A High-Scoring Answer Structure for Issue-Spotting Questions

Use this repeatable structure to identify major issues quickly, rank them by mark value, and write complete, coherent answers within time.

Issue spotting decides most marks

In scenario-based law questions, candidates often lose marks before writing their first full paragraph. They miss major issues, overstate minor ones, or mix legal tests. A strong structure solves this by forcing prioritization before prose.

The three-part script architecture

Part 1: Issue roadmap (short)

Start with a two- or three-line roadmap naming the key legal issues in order of likely mark weight. This signals control and helps the marker track your analysis.

Part 2: Ranked analysis blocks

Handle each issue in a separate block using weighted IRAC. Give most space to application. Use one authority cue where relevant and tie it to facts directly.

Part 3: Practical conclusion

End each major issue with an outcome statement: likely legal position, uncertainty points, and what fact would change the result. Practical conclusions score highly because they show legal judgment.

Ranking issues under time pressure

Use this quick test: if removed, would the answer lose substantial marks? If yes, it is a major issue. If not, keep it brief. This prevents ten-minute detours on peripheral points.
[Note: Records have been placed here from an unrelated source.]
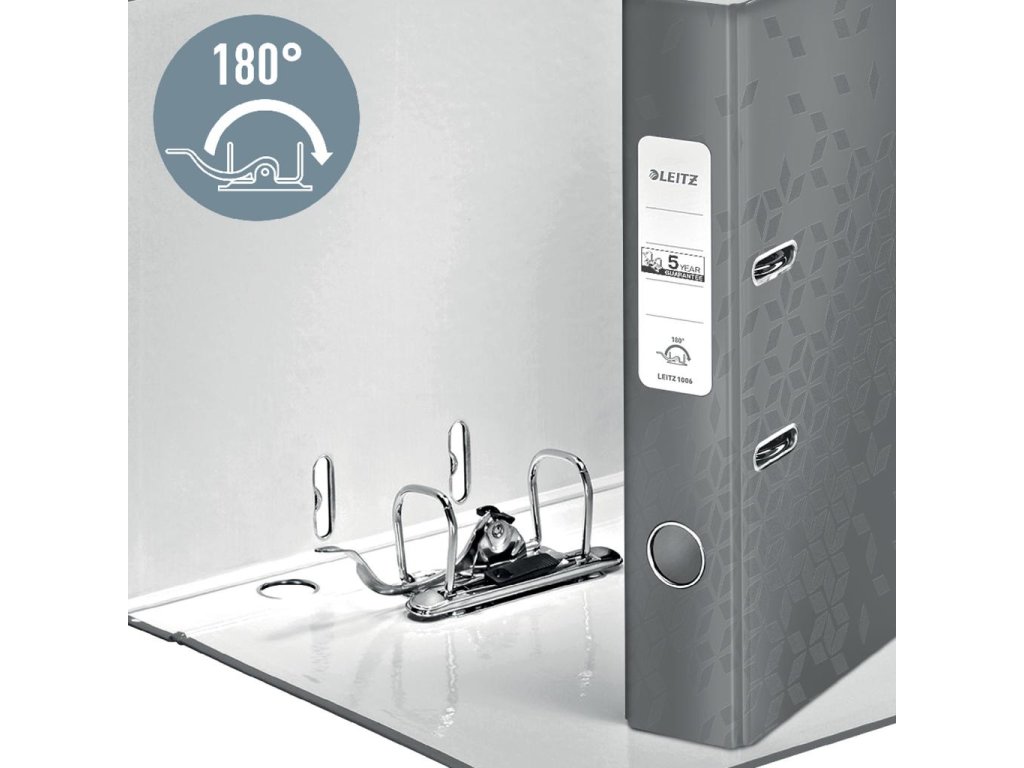 Pákový zakladač rady WOW v žiarivej červenej farbe s dvojfarebným efektom. Unikátna patentovaná mechanika Leitz 180° poskytuje širšie otvorenie, možnosť zakladania väčšieho množstva papierov a o 20 % rýchlejšiu prácu so zakladačom. Vybavený chrbtovým krúžkom, rado zámkom a samolepiacim chrbtovým štítkom, ktorý môže byť v prípade potreby odstránený. Šírka chrbta 5 cm, kapacita 350 listov. Väčšie balenie 10 ks.
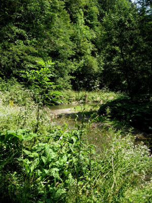 side of the river, next to the limestone cliffs of the Gösser
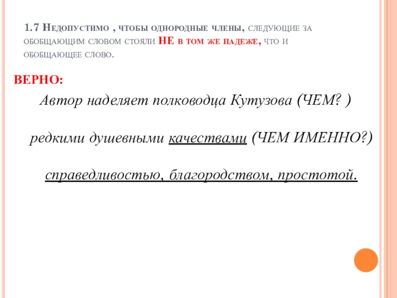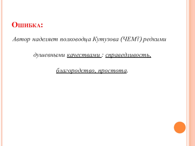 Автор наделяет полководца Кутузова (ЧЕМ? ) редкими душевными качествами (ЧЕМ ИМЕННО?) справедливостью, благородством, простотой.
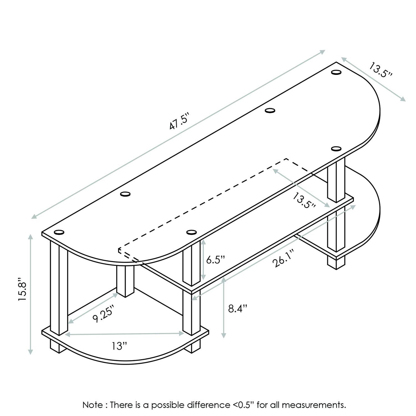 FURINNO turn-s-tube home living storage and organization Series: No tools wide Entertainment center. FURINNO design motto is: fits in your space and fits on your budget. This Series of product consists of the following features: (1) unique structure: open display rack, shelves provide easy storage and display of TV or other audio/video accessories. Suitable for any rooms. Designed to meet the demand of low cost but durable and efficient furniture. It is proven to be the most popular RTA furniture due to its functionality, price and the no hassle assembly. (2) smart Design: easy assembly and no tools required. A smart design that uses durable recycled PVC tubes and engineered particleboard that withstand heavy weight. Just repeat the twist, turn and stack mechanism and the whole unit can be assembled within 10 minutes. (3) The particleboard is manufactured in Malaysia and comply with the Green rules of production. There is no foul smell, durable and the material is the most stable amongst the particleboards. The PVC tube is made from recycled plastic and is tested for its durability. A simple attitude towards lifestyle is reflected directly on the design of FURINNO furniture, creating a trend of simply nature. All the products are produced and assembled 100-percent in Malaysia with 95% - 100% recycled materials. Care instructions: wipe clean with clean damped cloth. Avoid using harsh chemicals. Pictures are for illustration purpose. All decor items are not included in this offer.
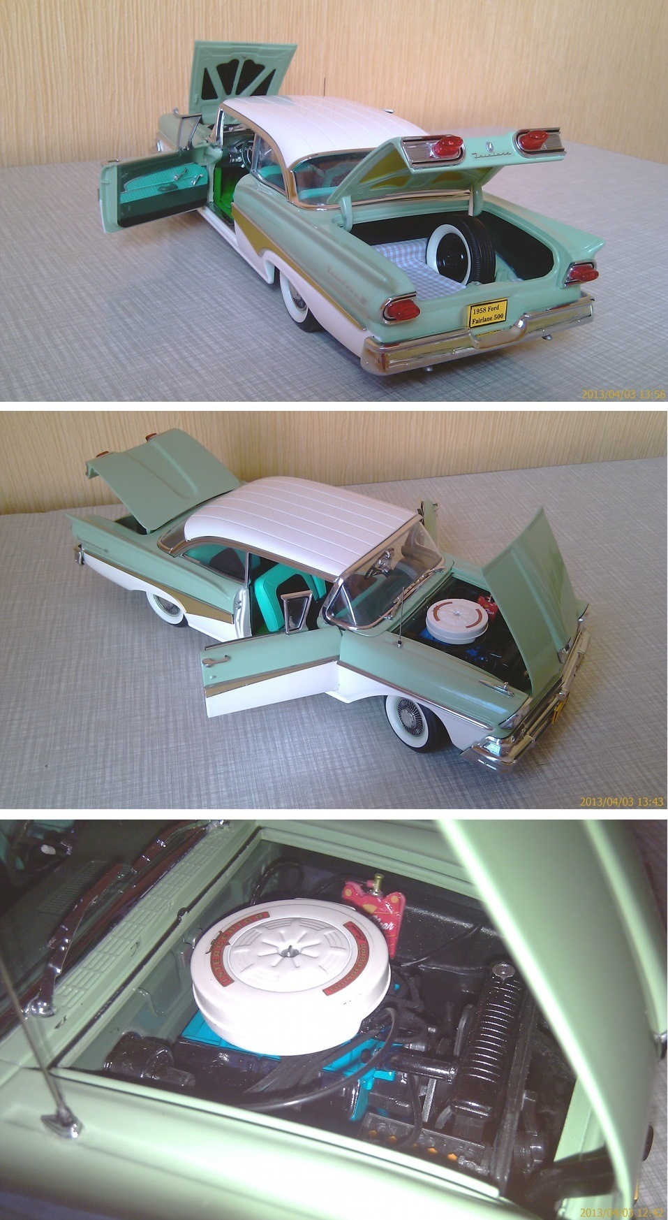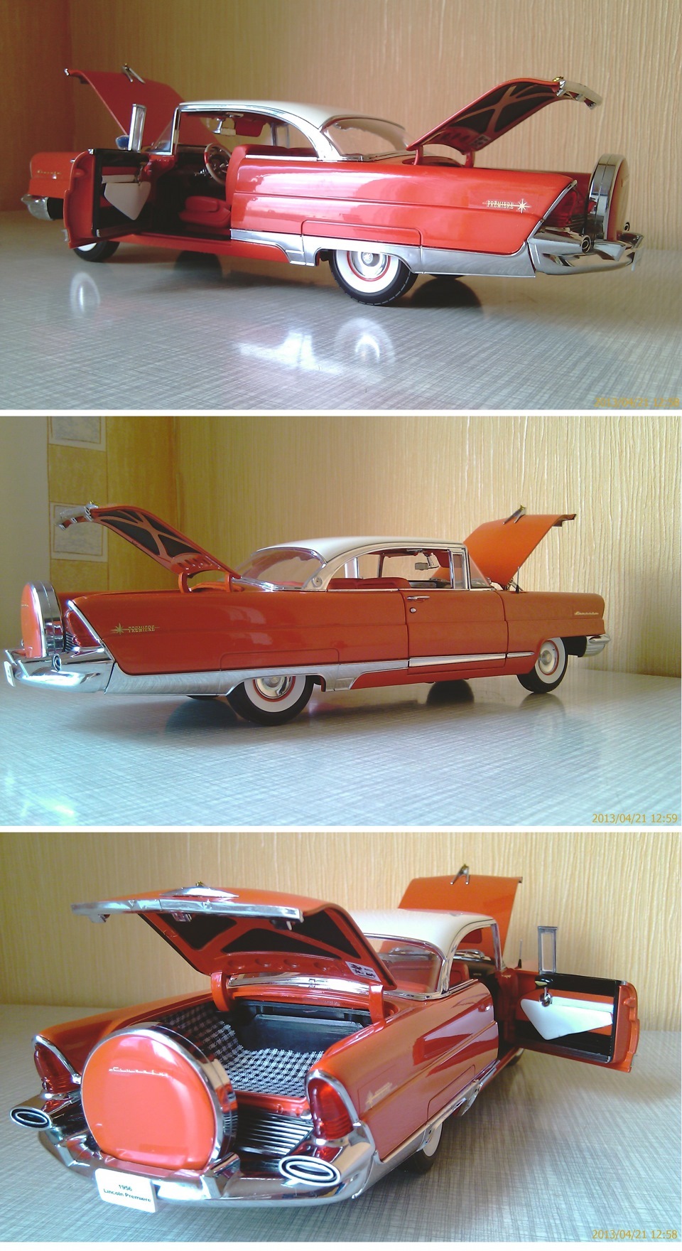 Накопилось вот некоторое количество моделей от Sun Star. Позавчера прикупил юбилейную, десятую — Lincoln Premiere 1956 года. Теперь осталось только ждать уже проанонсированных Plymouth Fury и Dodge Custom Royal Lancer с закрытими кузовами и развлекаться фотосетами.
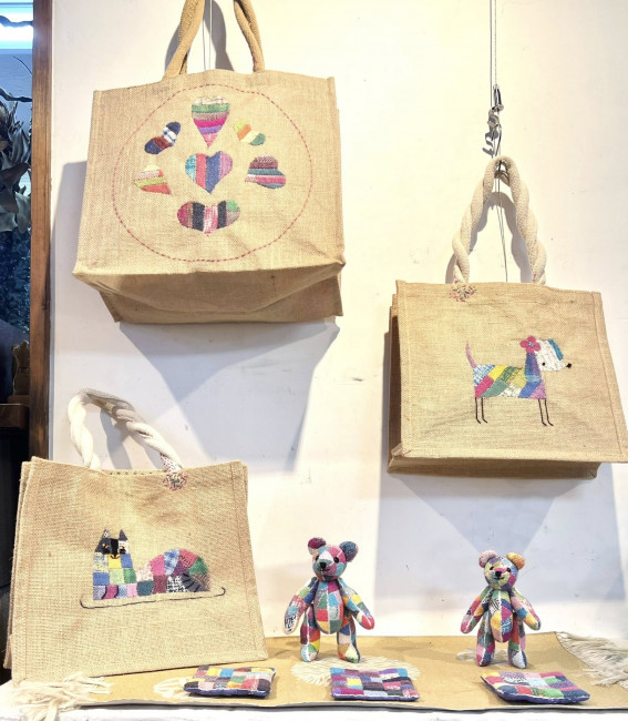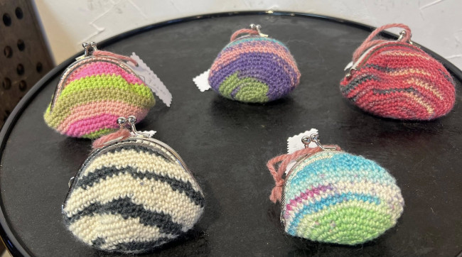 ダーニングを施した可愛い小物やカラフルなニット小物、いっぱいです。

Paragraph formula you can train

Use one paragraph per function:

  • Issue sentence tied to facts
  • Rule sentence with legal test
  • Application sentences with fact-by-fact logic
  • Conclusion sentence with confidence level

Functional paragraphs reduce rambling and improve readability.

How to avoid over-writing

Set a per-issue timer before writing. If time expires, conclude and move. A complete script with balanced coverage almost always outperforms an incomplete script with one polished section.

Practice drill

Take one past scenario. Spend only 3 minutes creating an issue roadmap and ranking list. Then write one full analysis block in 8 minutes. Repeat with three different questions. This drill builds speed in planning, which is where most time is won.

Closing perspective

Issue-spotting excellence is a structural skill, not talent. Use a roadmap, ranked blocks, and practical conclusions consistently. When structure is stable, quality improves even under pressure.